» **Assignment**:
From the first line of the records below through the line with "本实用新型涉及升旗控制领域,具体公开了手", output each line exactly; skip the pictures.

» **Extracted entries**:
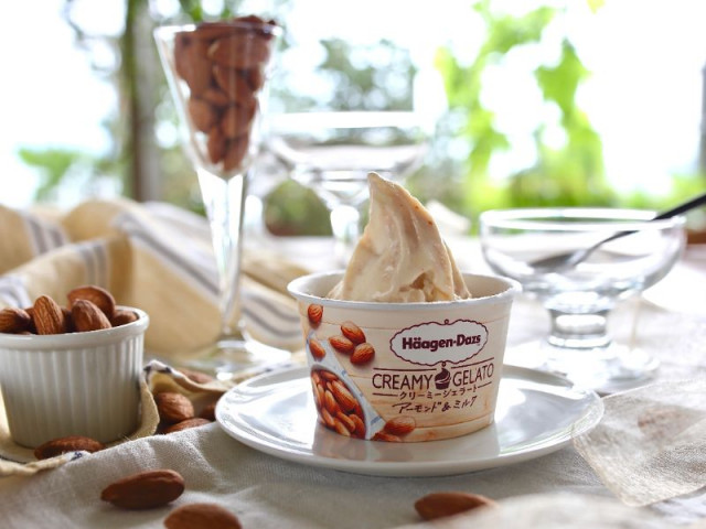 『アーモンド&ミルク』は、ジェラートの定番であるナッツフレーバーをハーゲンダッツ流にアレンジ。香ばしくすっきりとした後味のアーモンドジェラートを、豊かな風味とコク深いミルクジェラートが引き立てる仕上がり。
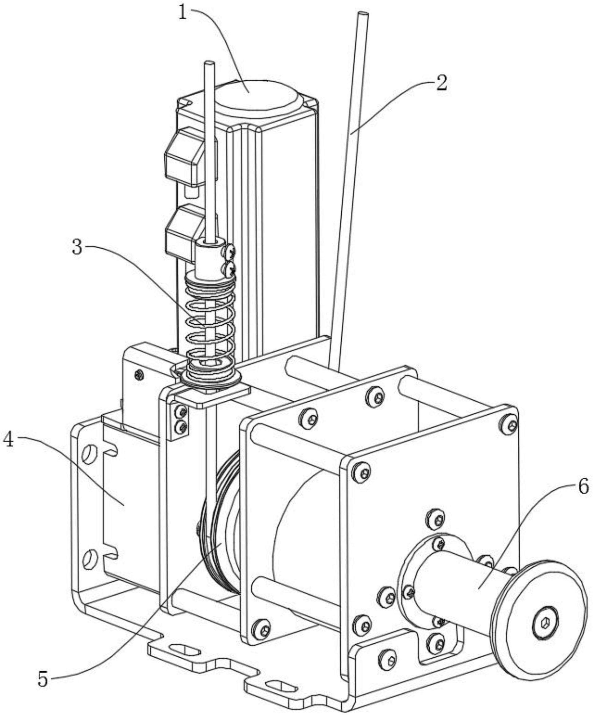 本实用新型涉及升旗控制领域,具体公开了手拉式与电动式双切换升旗机构。一种手拉式与电动式双切换升旗机构,包括电机及减速机,减速机包括转动轴,转动轴设有与其限位配合的切换连轴,切换连轴靠近减速机的一侧设有与其卡位连接且与转动轴间隙配合的曳引轮,切换连轴固定有与曳引轮活动连接的卡条,切换连轴一侧设有用于控制卡条与曳引轮分离或扣合的手柄。该手拉式与电动式双切换升旗机构通过切换连轴、卡条、曳引轮和手柄的相互配合,能够随时切换手动模式和电动模式,便于在电机出现故障的时候及时进行切换,方便操作、灵活且稳定;同时通过限位压簧的设置,在旗帜升降超出设定点后及时关闭电机,避免装置出现毁损等现象。
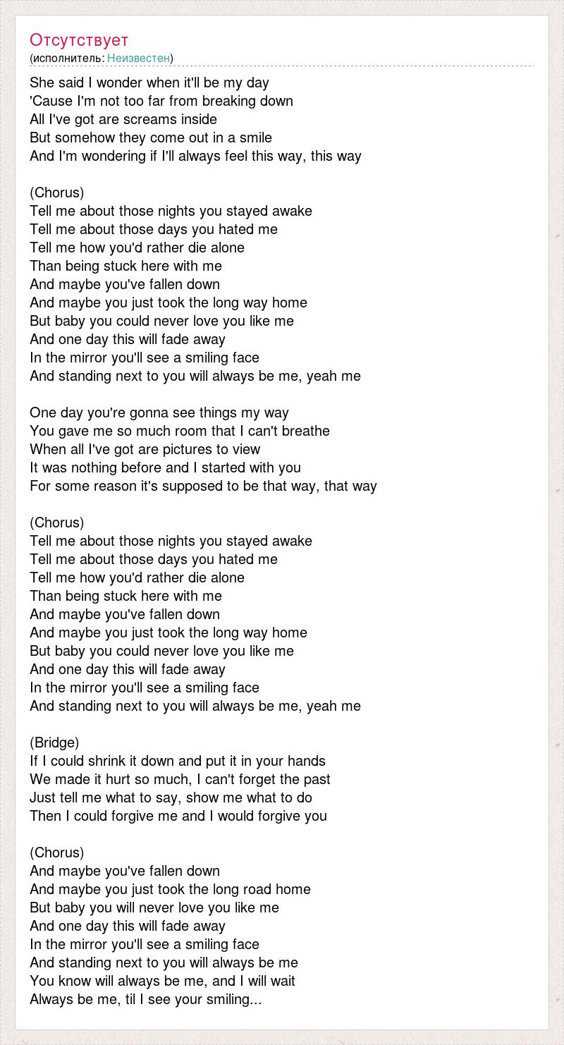 She said I wonder when it'll be my day 'Cause I'm not too far from breaking down All I've got are screams inside But somehow they come out in a smile And I'm wondering if I'll always feel this way, this way (Chorus) Tell me about those nights you stayed awake Tell me about those days you hated me Tell me how you'd rather die alone Than being stuck here with me And maybe you've fallen down And maybe you just took the long way home But baby you could never love you like me And one day this will fade away In the mirror you'll see a smiling face And standing next to you will always be me, yeah me One day you're gonna see things my way You gave me so much room that I can't breathe When all I've got are pictures to view It was nothing before and I started with you For some reason it's supposed to be that way, that way (Chorus) Tell me about those nights you stayed awake Tell me about those days you hated me Tell me how you'd rather die alone Than being stuck here with me And maybe you've fallen down And maybe you just took the long way home But baby you could never love you like me And one day this will fade away In the mirror you'll see a smiling face And standing next to you will always be me, yeah me (Bridge) If I could shrink it down and put it in your hands We made it hurt so much, I can't forget the past Just tell me what to say, show me what to do Then I could forgive me and I would forgive you (Chorus) And maybe you've fallen down And maybe you just took the long road home But baby you will never love you like me And one day this will fade away In the mirror you'll see a smiling face And standing next to you will always be me You know will always be me, and I will wait Always be me, til I see your smiling...
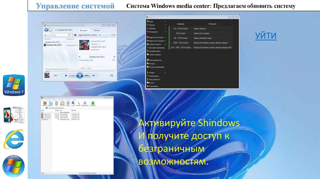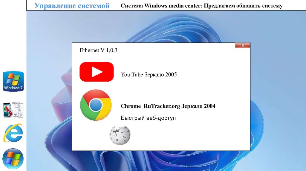 Управление системойСистема Windows media center: Предлагаем обновить систему
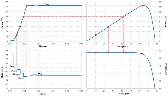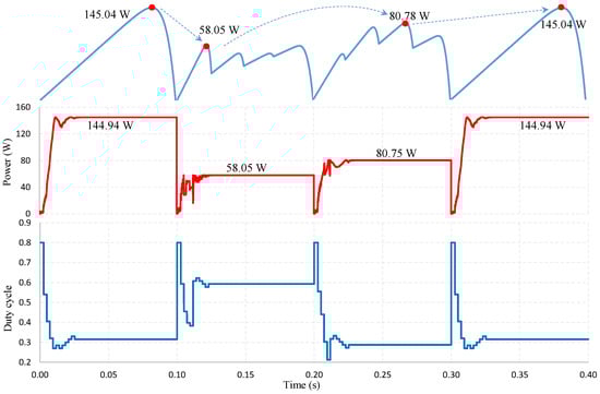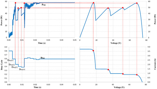 Under partial shade conditions, in Figure 8, the P-V waveform shows that the GMPP value at is approximately . Algorithms with poor accuracy are often trapped in LMPP in similar cases. However, with the ability to accurately estimate and adjust appropriate parameters, the proposed solution has excelled in determining the correct GMPP. This advantage can be explained by the duty cycle waveform, with the initial value D = 0.8 used to determine the of the PV system. Then, the and values are calculated in 11.7 ms. The solution selects the value = 0.6057 as a reference point to check the optimal working position from this data. Through 6 adjustment steps, the P&O algorithm converges at = 0.5925 after that. The total time for the proposed solution to converge at GMPP is 25.71 ms. The output power stabilized at the optimal position immediately after that, with about 58.05 W reaching 100%.
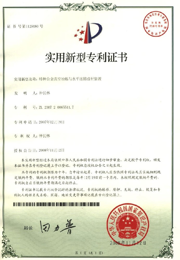 | 實(shí)用新型專(zhuān)利證書(shū) |
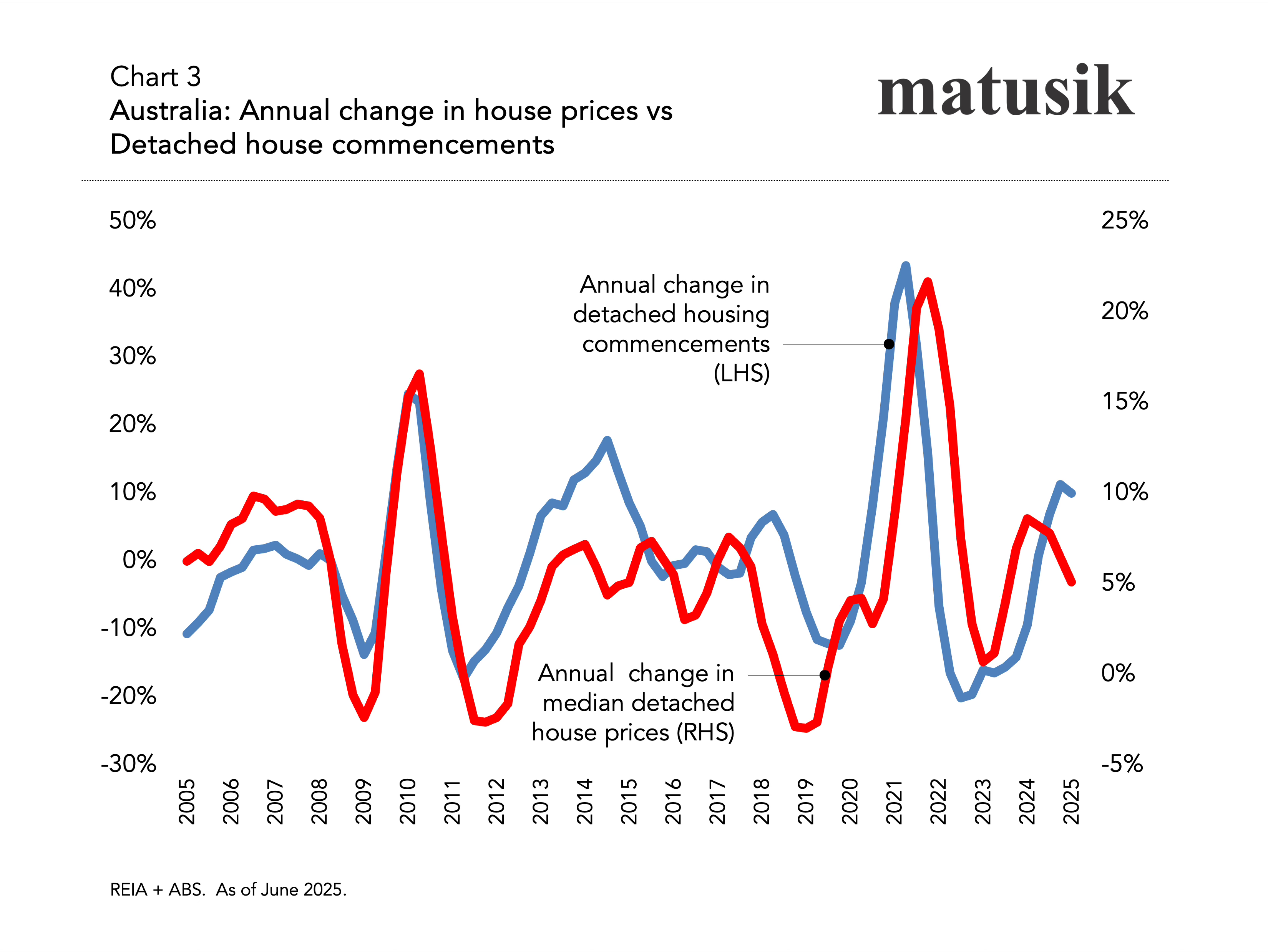 New detached homes sit at the top of the price tree. They reset expectations and lift comparable values of established dwellings. When fewer new homes complete, those benchmarks vanish. Without the “premium end” pulling values upward, price growth naturally softens.
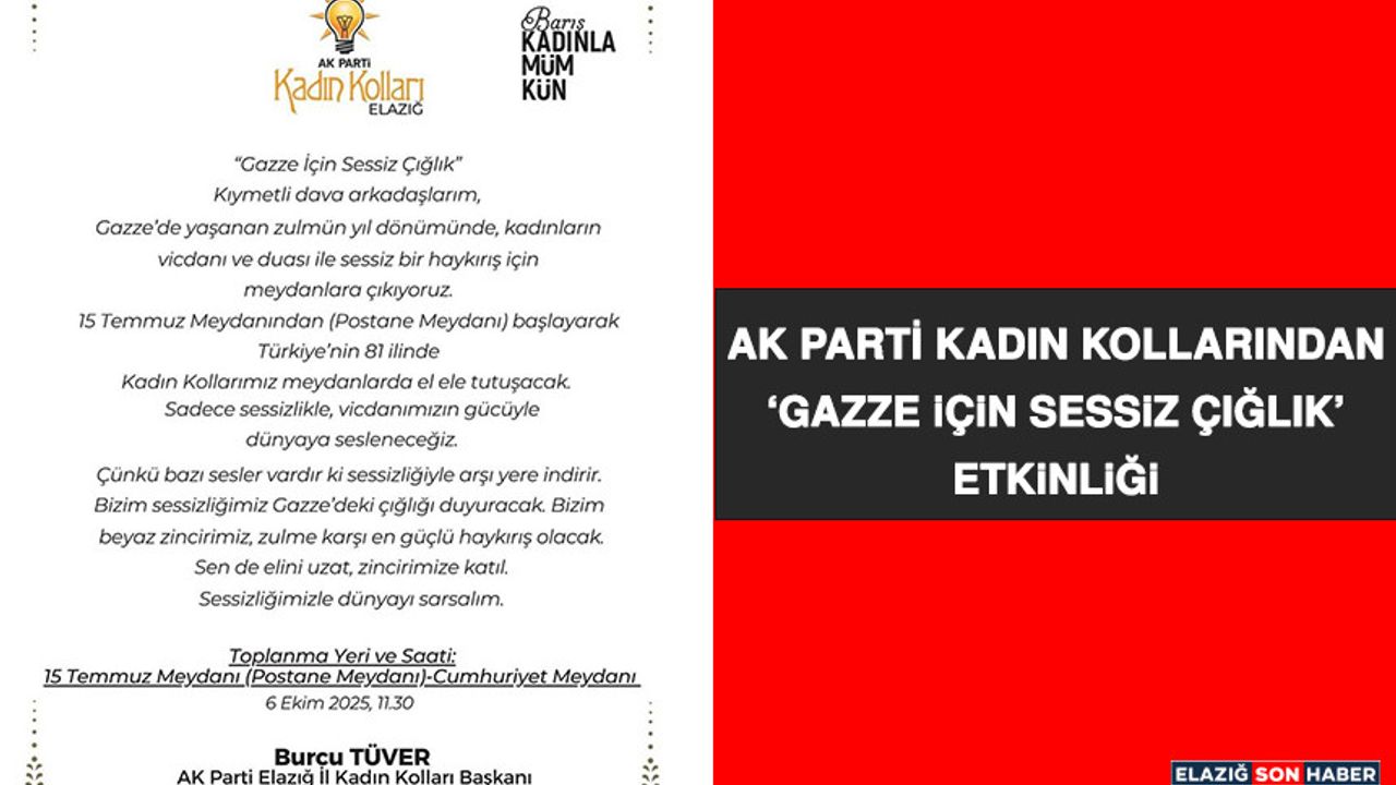 Gazze'de yaşanan insanlık dramının yıl dönümünde AK Parti Kadın Kolları Türkiye genelinde eş zamanlı olarak ‘Gazze İçin Sessiz Çığlık “ adıyla anlamlı bir etkinlik düzenleyecek.
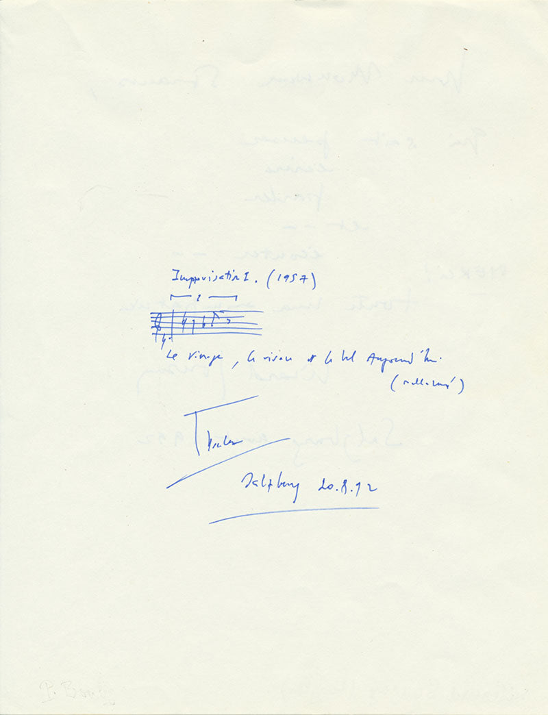 Very uncommon AMQS from important French composer and conductor, one of the major innovators and forces in 20th century music, who has here neatly penned a short quotation from Improvisation I, part of his longest work, Pli selon pli. Boulez has written out one measure and the title of the movement, "'Le vierge, le vivace et le bel aujourd'hui' (Mallarmé)", signed and dated Salzburg, August 20, 1992. On the verso, a further autograph and inscription from the French baritone Gérard Souzay, dated Salzburg, August 1992.
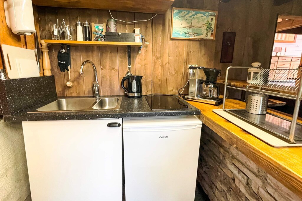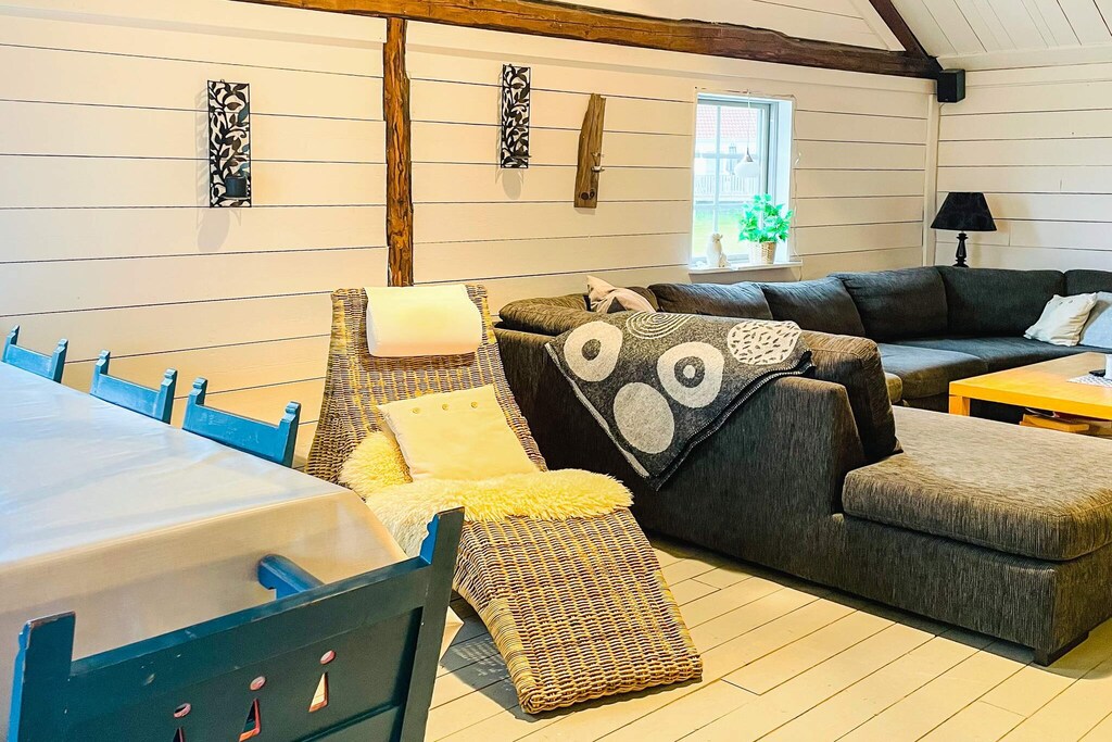 Schönes und rustikales Haus in einem ehemaligen Stall mit teilweisem Meerblick und ruhiger Lage auf der wunderschönen Halbinsel Rossö auf Orust. Ideal für eine Familie, die in ländlicher Umgebung und in der Nähe von Salzwasserschwimm- und Wandergebieten wohnen möchte. Das Stallgebäude befindet sich auf einem ehemaligen Bauernhof aus dem 19. Jahrhundert, angrenzend an ein Naturschutzgebiet und Vogelbeobachtungsgebiete. Das Haus wurde 2013 geschmackvoll und persönlich renoviert, wobei alte Balken, Holz, Ziegel usw. verwendet wurden. Am Eingang befindet sich ein Balkon mit herrlicher Abendsonne und Blick auf die Umgebung und den Kalvöfjord. Im Erdgeschoss befinden sich ein Flur und ein Badezimmer mit Duschkabine, dessen Decke der Eigentümer mit seinen alten Schallplatten dekoriert hat. Eine halbe Treppe tiefer (niedrige Decke an der Treppe) befinden sich die Barküche und das Schlafzimmer im ehemaligen Stall. Hier ist viel vom Stallgefühl erhalten geblieben, mit Stallboxen und unbehandelten Betonböden, die harmonisch mit den persönlichen Einrichtungsdetails harmonieren. Die Barküche verfügt über einen Minibackofen mit zwei Kochplatten. Helles Schlafzimmer mit offenem Stalleingang (ohne Tür) und drei Einzelbetten, die tagsüber als Sofas mit Kissen dienen. Ein perfektes Schlaf-/Wohnzimmer für Kinder und Jugendliche, die gerne etwas für sich allein wohnen. Im Obergeschoss befindet sich das geräumige, helle Wohnzimmer mit hohen Decken und freiliegenden Balken. Sowohl im Sofabereich als auch am Esstisch ist ausreichend Platz für die ganze Familie. In einer gemütlichen, mit einem Vorhang abgeschirmten Nische befindet sich ein bequemes Doppelbett. Sie wohnen idyllisch mit grasenden Kühen und Schafen auf den Weiden und nur wenige Gehminuten von Rossös schönem Badegebiet mit Klippen, Steg, Badetreppe und Sprungturm entfernt. Nutzen Sie die Gelegenheit für Wanderungen im Naturschutzgebiet auf Rossö. Hier gibt es schöne Wandergebiete mit Eichenhainen und Weiden. Die angrenzende Bucht ist ein beliebter Ort zur Vogelbeobachtung mit guten Chancen, Adler und Watvögel zu sehen. Es gibt auch hervorragende Angelgewässer für Makrelen und Forellen, unter anderem. Erleben Sie die Schären und Fischerdörfer rund um Orust. Fahren Sie mit der Fähre zu den malerischen Inseln Käringön und Gullholmen. Wenn Sie Lust auf Shopping haben, sollten Sie Göksäter mit dem Schnäppchen-Kaufhaus Arvid Eriksson unbedingt besuchen, das nur wenige Autominuten entfernt liegt. Der Sommer auf Orust bietet viele Aktivitäten – Festivals, Kajakfahren, Tauchen, Angeln, Golfen oder einfach nur die Ruhe und die wunderschöne Natur genießen. Der Eigentümer verfügt über eine Garage in einem Teil des Stallgebäudes, der vom Hof aus zugänglich ist. Der Wohnbereich bietet von den anderen Gebäuden des Hofes aus keine Sicht. Eine kleine, wenig befahrene Straße führt direkt vor dem Haus vorbei. Willkommen in einem originellen und spannenden Zuhause in toller Lage auf der schönen Insel Rossö!

» **Result for this task**:
 『アーモンド&ミルク』は、ジェラートの定番であるナッツフレーバーをハーゲンダッツ流にアレンジ。香ばしくすっきりとした後味のアーモンドジェラートを、豊かな風味とコク深いミルクジェラートが引き立てる仕上がり。
 本实用新型涉及升旗控制领域,具体公开了手拉式与电动式双切换升旗机构。一种手拉式与电动式双切换升旗机构,包括电机及减速机,减速机包括转动轴,转动轴设有与其限位配合的切换连轴,切换连轴靠近减速机的一侧设有与其卡位连接且与转动轴间隙配合的曳引轮,切换连轴固定有与曳引轮活动连接的卡条,切换连轴一侧设有用于控制卡条与曳引轮分离或扣合的手柄。该手拉式与电动式双切换升旗机构通过切换连轴、卡条、曳引轮和手柄的相互配合,能够随时切换手动模式和电动模式,便于在电机出现故障的时候及时进行切换,方便操作、灵活且稳定;同时通过限位压簧的设置,在旗帜升降超出设定点后及时关闭电机,避免装置出现毁损等现象。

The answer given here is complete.